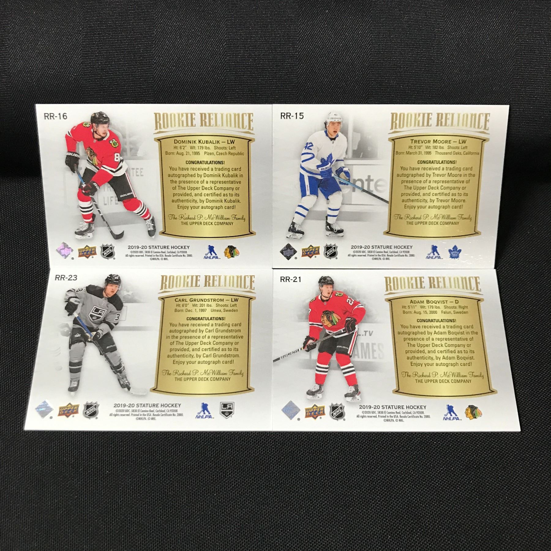 LOT OF 4 STATURE ROOKIE SIGNED HOCKEY TRADING CARDS
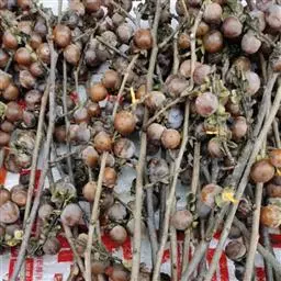 果梗常2-3枚(少有单生)生于叶腋,其中一枚果梗(实为总梗)常有2果(少有多至具4果),其它的具1果,无毛或被短柔毛,长7-17毫米;果成熟时黄色至橙黄色,近球形,直径约8毫米;核近球形,直径约5毫米,具4条肋,表面有网孔状凹陷。花期3-4月,果期9-10月。
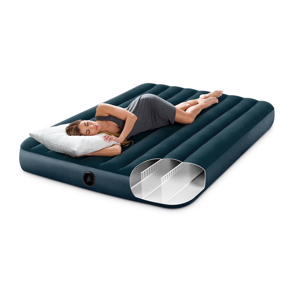 Intex Queen 10″ Dura-Beam Standard Airbed Mattress with Fiber-Tech Technology. Versatile and perfect for both in-home and camping, this compact airbed is built for long-lasting durability. Indoor and outdoor multi-use airbed Quality tested flocked top with vinyl sides and bottom Strong and lightweight 2-in-1 valve Dimensions 60in x 80in x 10in Weight capacity limit: 600 lbs Air Pump Sold Separately
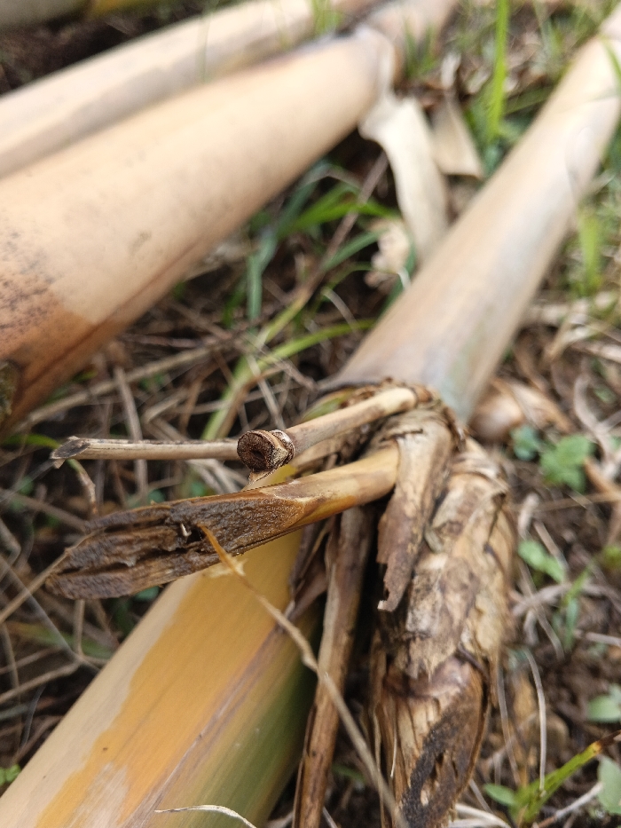 - "A close-up captures the base of a felled bamboo stalk lying on the ground amid dried leaves and sprouting green grass" by FM-HtHvC2, licensed under CC BY 4.0
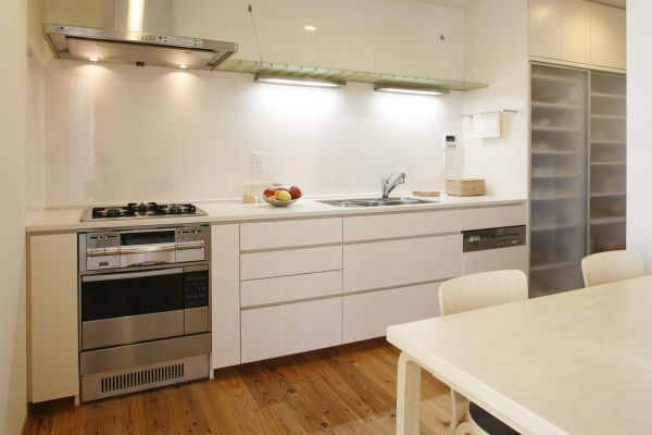 アパート経営されているKさんはその一部、ワンフロアだったアパートを、1,2階つなげてご自分達のメゾネット住宅にスケルトンリフォーム。目的は子供が小学生になるのを期に、開放的で明るいリビングにしたかったのと、各個室を充実させたかったから。 かくして、以前1階の暗いアパートのおすまいから、2階をワンルームとし、リビング、ダイニング、キッチン、他書斎として利用できるミニスペースを確保。しかし、いざとなれば仕切る事ができる建具内包済み。既存のテラスも撤去し、リビングから段差無しで出入りできる開放的なレッドシダーの木製テラスを造作しました。 また、リビング中央に新設した鉄骨階段から1階に降りると、1階は両脇に主寝室、子供部屋が振り分けられ、こちらも通常は建具オープンにするとワンルームとなり、2階ともつながり開放的な空間になってます。 それぞれ、収納などの造作で心理的にしきりになっていながらも、家のどこからも家族の気配がわかる風通しのよいおすまいになっています。
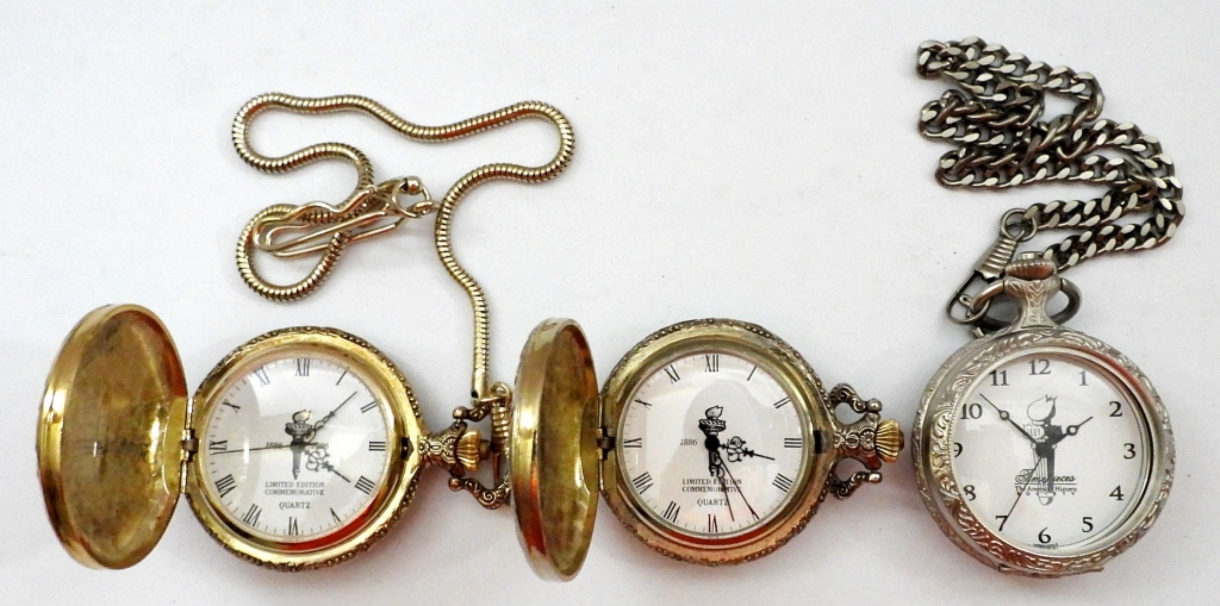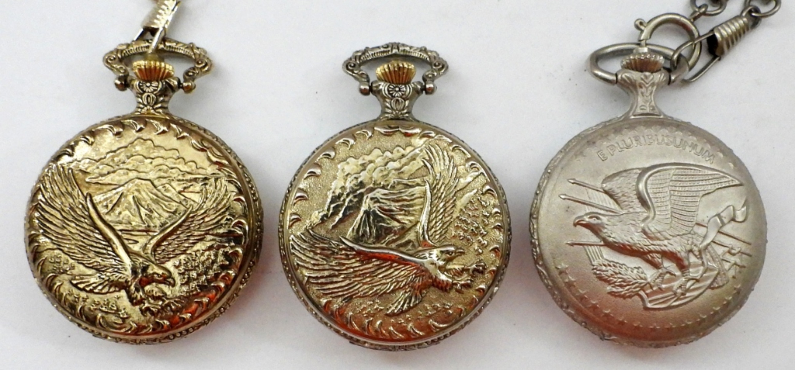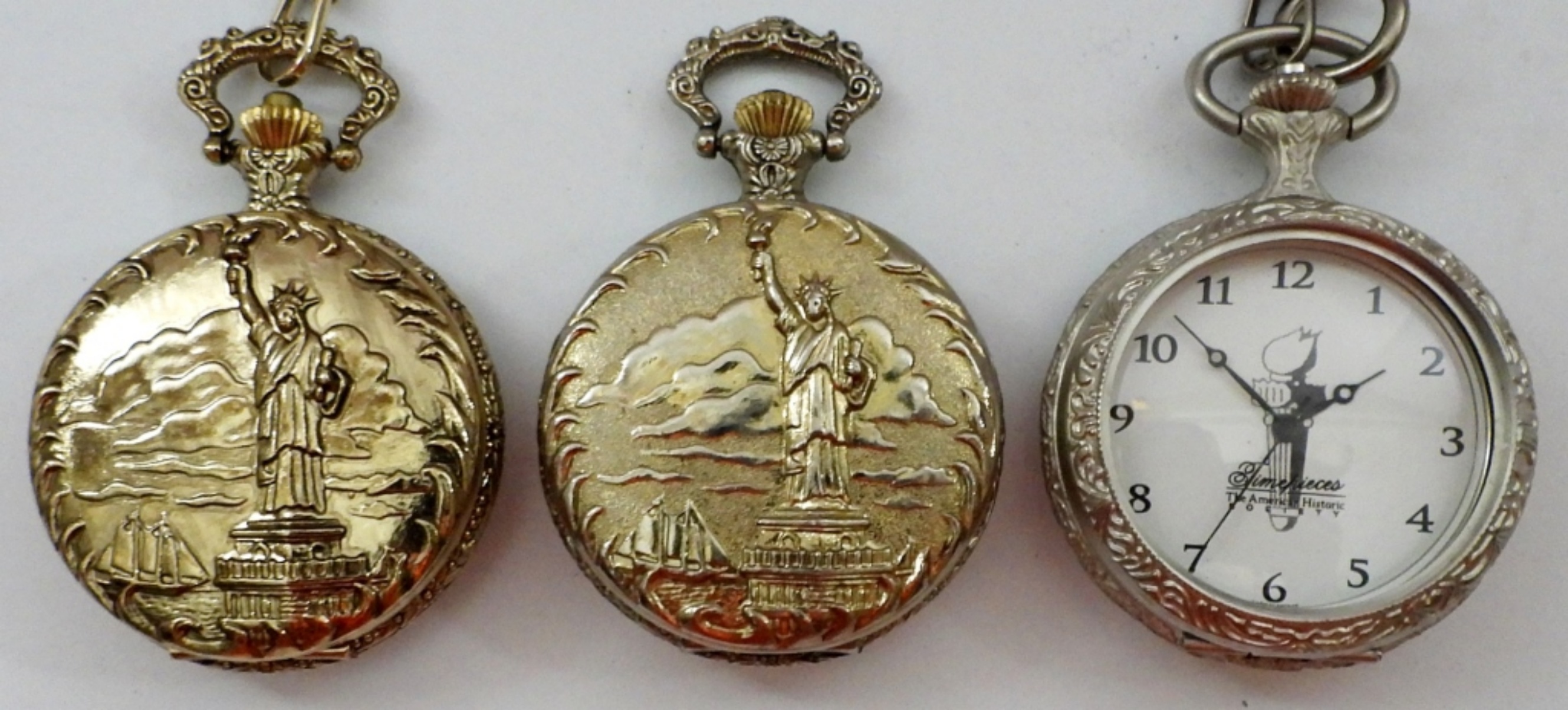 STATUE OF LIBERTY & AMERICAN BALD EAGLE, QUARTZ POCKET WATCHES VERY NICE NOT IN WORKING CONDITION

◇ ◇ ◇ ◇

Please print all the lines above exactly as given and leave out every picture.

## RESPONSE BOX
 LOT OF 4 STATURE ROOKIE SIGNED HOCKEY TRADING CARDS
 果梗常2-3枚(少有单生)生于叶腋,其中一枚果梗(实为总梗)常有2果(少有多至具4果),其它的具1果,无毛或被短柔毛,长7-17毫米;果成熟时黄色至橙黄色,近球形,直径约8毫米;核近球形,直径约5毫米,具4条肋,表面有网孔状凹陷。花期3-4月,果期9-10月。
 Intex Queen 10″ Dura-Beam Standard Airbed Mattress with Fiber-Tech Technology. Versatile and perfect for both in-home and camping, this compact airbed is built for long-lasting durability. Indoor and outdoor multi-use airbed Quality tested flocked top with vinyl sides and bottom Strong and lightweight 2-in-1 valve Dimensions 60in x 80in x 10in Weight capacity limit: 600 lbs Air Pump Sold Separately
 - "A close-up captures the base of a felled bamboo stalk lying on the ground amid dried leaves and sprouting green grass" by FM-HtHvC2, licensed under CC BY 4.0
 アパート経営されているKさんはその一部、ワンフロアだったアパートを、1,2階つなげてご自分達のメゾネット住宅にスケルトンリフォーム。目的は子供が小学生になるのを期に、開放的で明るいリビングにしたかったのと、各個室を充実させたかったから。 かくして、以前1階の暗いアパートのおすまいから、2階をワンルームとし、リビング、ダイニング、キッチン、他書斎として利用できるミニスペースを確保。しかし、いざとなれば仕切る事ができる建具内包済み。既存のテラスも撤去し、リビングから段差無しで出入りできる開放的なレッドシダーの木製テラスを造作しました。 また、リビング中央に新設した鉄骨階段から1階に降りると、1階は両脇に主寝室、子供部屋が振り分けられ、こちらも通常は建具オープンにするとワンルームとなり、2階ともつながり開放的な空間になってます。 それぞれ、収納などの造作で心理的にしきりになっていながらも、家のどこからも家族の気配がわかる風通しのよいおすまいになっています。
 STATUE OF LIBERTY & AMERICAN BALD EAGLE, QUARTZ POCKET WATCHES VERY NICE NOT IN WORKING CONDITION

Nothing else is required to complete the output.